During that time, enrolled members of the Osage Indian nation were among the wealthiest people per capita in the world. The rich oil fields beneath their reservation brought millions of dollars into the tribe annually, distributed to tribal members holding "headrights" that could not be bought or sold but only inherited. This vast wealth attracted the attention of unscrupulous whites who found ways to divert it to themselves by marrying Osage women or by having Osage declared legally incompetent so the whites could fleece them through the administration of their estates.
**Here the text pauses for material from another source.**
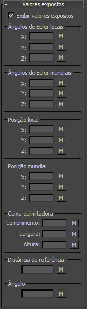 Esta implementação fornece leituras de valores relativos a todos os valores de transformação do objeto Expor Nó. Cada valor tem um botão denominado “M” próximo dele; clique neste botão para copiar o MAXScript associado ao valor à área de transferência, que você pode colar em um script posteriormente.

For some, however, these deceptive tactics were not enough, and a plague of violent death—by shooting, poison, orchestrated automobile accident, and bombing—began to decimate the Osage in what they came to call the "Reign of Terror." Corrupt and incompetent law enforcement and judicial systems ensured that the perpetrators were never found or punished until the young J. Edgar Hoover saw cracking these cases as a means of burnishing the reputation of the newly professionalized FBI. Bestselling New Yorkerstaff writer Grann (The Devil and Sherlock Holmes: Tales of Murder, Madness, and Obsession, 2010, etc.) follows Special Agent Tom White and his assistants as they track the killers of one extended Osage family through a closed local culture of greed, bigotry, and lies in pursuit of protection for the survivors and justice for the dead. But he doesn't stop there; relying almost entirely on primary and unpublished sources, the author goes on to expose a web of conspiracy and corruption that extended far wider than even the FBI ever suspected. This page-turner surges forward with the pacing of a true-crime thriller, elevated by Grann's crisp and evocative prose and enhanced by dozens of period photographs.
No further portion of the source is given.